Я же, об артуровских делах совсем не заботясь, лил ему слезы в жилетку, настолько, что он улетел сегодня почти с выражением счастья на лице. Он улетел, а я остался, Шурик, совершенно один в пустом и уже не нужном мне доме. Что делать одному с тремя комнатами, куда девать всю эту старую мебель, с которой так сжился за восемь лет?

Куда девать эти углы из-за которых уже никогда не вылезет, потягиваясь, толстенный рыжий кот, не выскочит с радостным визгом ротвеллер Фенька? Как выйти в этот коридор, где уже никогда не обозначатся столь любящие меня Надя и Санька? Все они исчезли, испарились, так что получается, что я теперь только для себя. А как говорит Тора, если я только для себя, что я?

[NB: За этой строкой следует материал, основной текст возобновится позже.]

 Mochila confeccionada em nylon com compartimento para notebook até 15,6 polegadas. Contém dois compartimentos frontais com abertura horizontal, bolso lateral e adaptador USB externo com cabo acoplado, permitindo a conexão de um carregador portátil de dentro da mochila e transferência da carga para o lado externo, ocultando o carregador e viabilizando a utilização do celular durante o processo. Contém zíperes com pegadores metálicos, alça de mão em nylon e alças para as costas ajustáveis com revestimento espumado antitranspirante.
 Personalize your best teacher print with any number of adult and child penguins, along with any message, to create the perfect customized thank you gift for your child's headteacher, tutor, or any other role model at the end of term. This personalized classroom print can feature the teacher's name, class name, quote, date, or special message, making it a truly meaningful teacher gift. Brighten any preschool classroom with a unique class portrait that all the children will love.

Вообще-то, Надька красиво ушла. Взяла лишь свои и Санькины личные шмотки, да детские фотографии. Остальное же: книги, фильмы, фотоальбомы нашей совместной жизни, мол, всё тебе оставляю. Я, – грит, – теперь буду читать и смотреть только англо-французское, а русское мне больше не интересно, я, блин, – канадка. Выбор сделала.

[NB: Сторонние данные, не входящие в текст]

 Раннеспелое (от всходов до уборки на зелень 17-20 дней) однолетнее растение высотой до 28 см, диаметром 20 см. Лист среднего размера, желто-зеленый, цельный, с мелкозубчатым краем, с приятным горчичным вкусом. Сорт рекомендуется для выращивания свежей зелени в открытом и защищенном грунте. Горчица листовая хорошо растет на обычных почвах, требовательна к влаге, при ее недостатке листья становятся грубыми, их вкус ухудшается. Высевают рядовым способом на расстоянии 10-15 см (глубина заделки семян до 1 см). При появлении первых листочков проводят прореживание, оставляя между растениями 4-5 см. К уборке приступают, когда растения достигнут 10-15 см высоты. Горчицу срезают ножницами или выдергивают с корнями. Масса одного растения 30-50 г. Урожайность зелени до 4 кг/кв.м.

А может она бросила меня потому что я шесть баб трахнул за эти месяцы? В Лос Анжелесе мексиканку, в Неваде – китаянку, в Хьюстоне – англоамериканку, в Нью Орлеане – негритянку, а во Флориде кубинку и нашу русскую 18 летнюю девку из Минска. Хотя, Минск – тоже заграница. Но, во-первых, она мне это официально разрешила, а во вторых – все они были профессиональные проститутки, оплаченные

Артуром. И, кстати, я мог, если бы захотел, гораздо больше их трахнуть. Артур-то в каждом городе бабенку себе выписывал. Что хочешь, горячая кавказская кровь, да и младше он меня ровно на десять лет, ему, ведь, всего полтинник. Так он каждый раз и мне подругу предлагал. Я же чаще отказывался, чем соглашался. Во-первых, неловко было в лишний расход его вводить, а потом думал все же про

Надьку-то, понимал, что ей обидно будет. Знать бы заранее, что так сложится, блин…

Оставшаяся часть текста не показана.